What this task involves:
Please transcribe the listing that follows exactly; images are to be excluded.

Data excerpt:
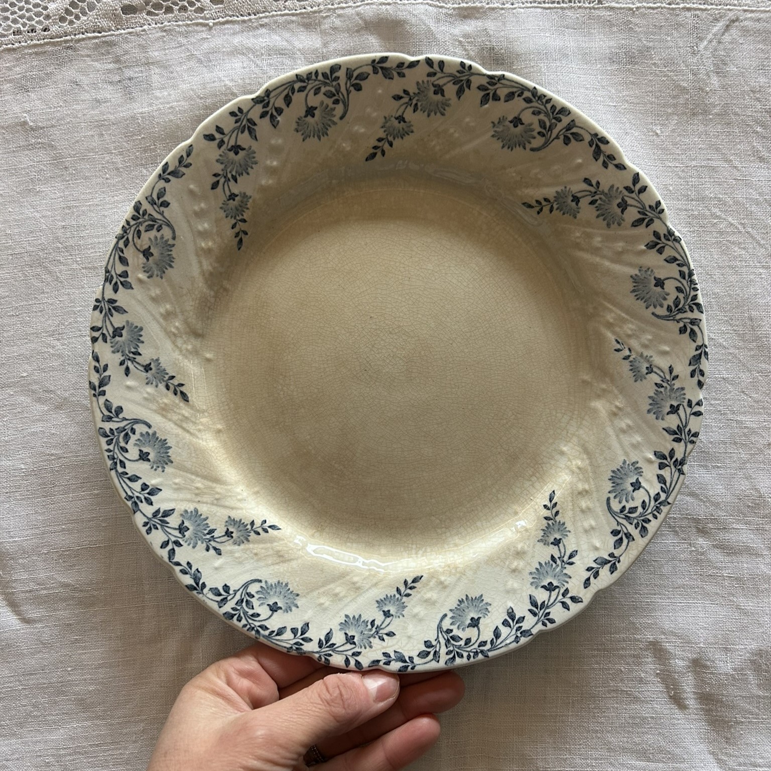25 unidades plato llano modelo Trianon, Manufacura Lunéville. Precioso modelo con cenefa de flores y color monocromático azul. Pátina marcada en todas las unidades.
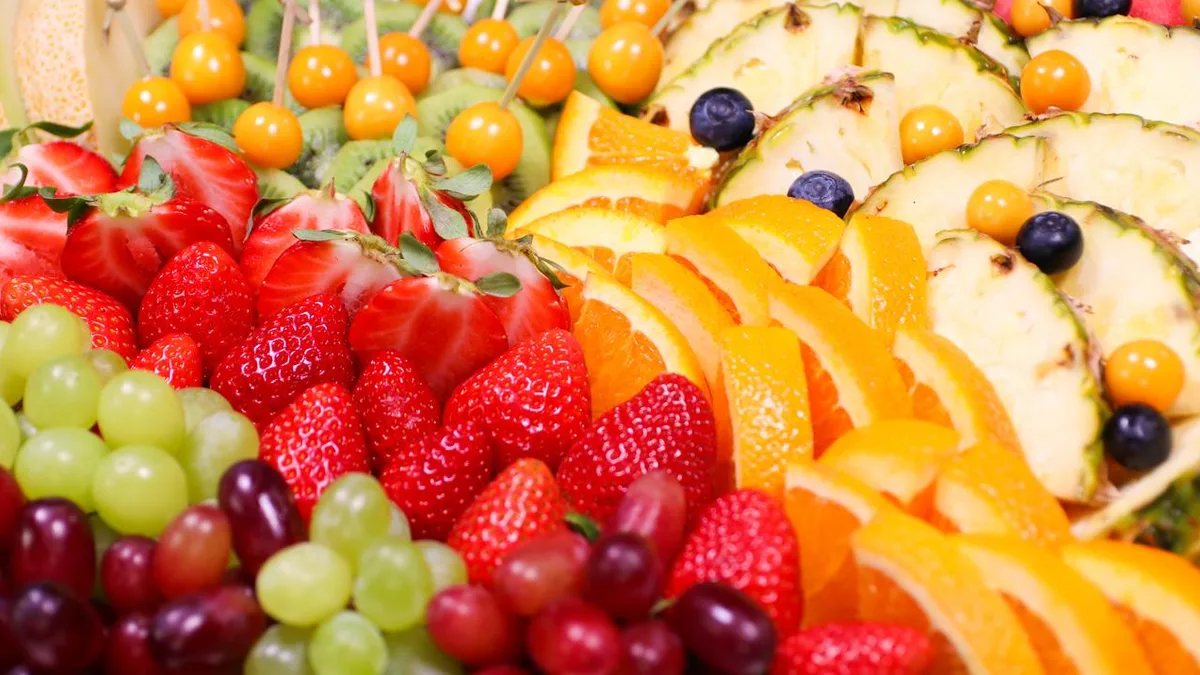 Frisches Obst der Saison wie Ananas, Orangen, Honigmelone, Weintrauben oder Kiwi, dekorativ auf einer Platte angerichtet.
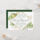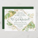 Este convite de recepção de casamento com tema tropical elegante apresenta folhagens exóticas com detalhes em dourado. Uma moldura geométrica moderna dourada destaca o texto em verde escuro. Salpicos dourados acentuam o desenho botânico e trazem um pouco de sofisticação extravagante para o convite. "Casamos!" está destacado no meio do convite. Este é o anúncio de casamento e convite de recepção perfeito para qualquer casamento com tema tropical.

Reply to the task:
25 unidades plato llano modelo Trianon, Manufacura Lunéville. Precioso modelo con cenefa de flores y color monocromático azul. Pátina marcada en todas las unidades.
 Frisches Obst der Saison wie Ananas, Orangen, Honigmelone, Weintrauben oder Kiwi, dekorativ auf einer Platte angerichtet.
 Este convite de recepção de casamento com tema tropical elegante apresenta folhagens exóticas com detalhes em dourado. Uma moldura geométrica moderna dourada destaca o texto em verde escuro. Salpicos dourados acentuam o desenho botânico e trazem um pouco de sofisticação extravagante para o convite. "Casamos!" está destacado no meio do convite. Este é o anúncio de casamento e convite de recepção perfeito para qualquer casamento com tema tropical.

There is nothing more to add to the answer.